It has been proved theoretically that a perfect commitment scheme in both Binding and Hiding is impossible to exist. But in terms of zero-knowledge proofs for privacy protection, we usually use the first type of commitment, which is Perfect Hiding, but the commitment is Computational Binding. Because we want to put the promise on the chain, it means that it will still be visible to everyone after 100 years, but there is no need to worry that this information will really be cracked by others after 100 years. In addition, this type of commitment can produce a very concise zero-knowledge proof, which is the Argument I mentioned earlier.
zkSNARK principle
Why it is possible to promise a database with 100 bytes and at the same time prove that the data meets certain properties sounds incredible.
First of all, let's review what is "zero-knowledge proof"? It is Bob on the right who said to do a calculation, and send the calculation to a remote machine that he doesn’t believe. This machine may have been controlled by a hacker or this person may make trouble, but it doesn’t matter, give it the function, enter X, and after a while Give me a Y. Although I don't believe that machine, but because I saw Y, although I have doubts about Y, but because I checked the additional zero-knowledge proof, the zero-knowledge proof told me that Y is true, so I believed it. How did this work?
Let’s go back to the simplest idea first. If there is a machine to run my program, I won’t worry if I can’t see it. The easiest way is to take a camera to record the entire calculation process from beginning to end. After getting the video It can be checked frame by frame to see if every step of the calculation is correct. This one is silly, but in theory it might work.
But obviously the solution is very impractical, because when the machine is running, the memory state of the machine is very large, such as 4G memory, and the video file will be so large that it cannot be verified after recording the whole process.

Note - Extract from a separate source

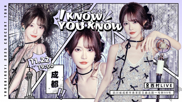 巡演首站定于11月22日的成都,杨冰怡与粉丝们共同一起这一场I KNOW YOU KNOW的双向奔赴。12月20日圣诞前夕,她将在上海与粉丝们继续近距离接触,展开巡演第二站。她的巡演第三站将于2026年1月10日来到广州,期待杨冰怡的精彩表演。
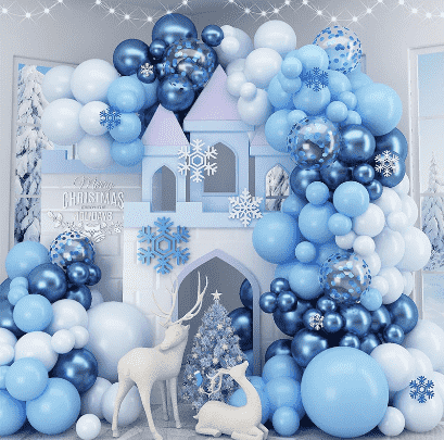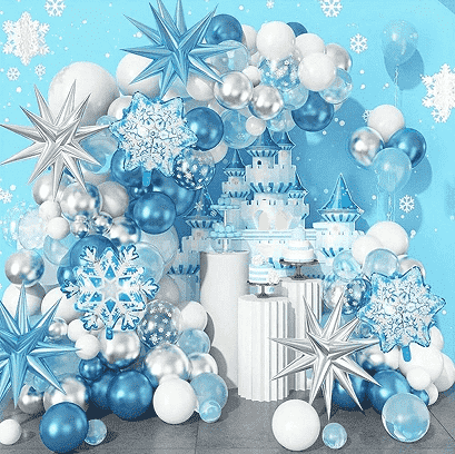 3.Frosne ballonguirlandesætindeholder normalt forskellige størrelser affrosne balloner, unikke folieballoner, matchende dekorative bånd, oppustere, umærkede limpletter, monteringsbånd og andet tilbehør for at opfylde layoutkravene i ét stop. Alle komponenter er lavet af sikre og miljøvenlige materialer, fuldt tilpasset børns aktivitetsscener. Ballonmønsteret i dragten er nøje afstemt og kombinerer det klassiske karakterbillede af Frozen med de drømmende is- og sneelementer. Farverne er blå, hvid og sølv, hvilket skaber en ren og romantisk magisk atmosfære.

Is there any way to improve it? We use the computing model of computing circuits, rather than the model of CPU plus memory. The expression ability of the arithmetic circuit calculation model and the computer CPU running program is roughly equivalent, and basically common calculations can be expressed.
Arithmetic circuits consist of interconnected "gates" such as "multiplication gates" and "addition gates". The input is input from the left side of the circuit, and the operation result is generated on the output line on the right after the operation. The whole process is to calculate "+" and "×". Don't underestimate these two operations, they can express most operations.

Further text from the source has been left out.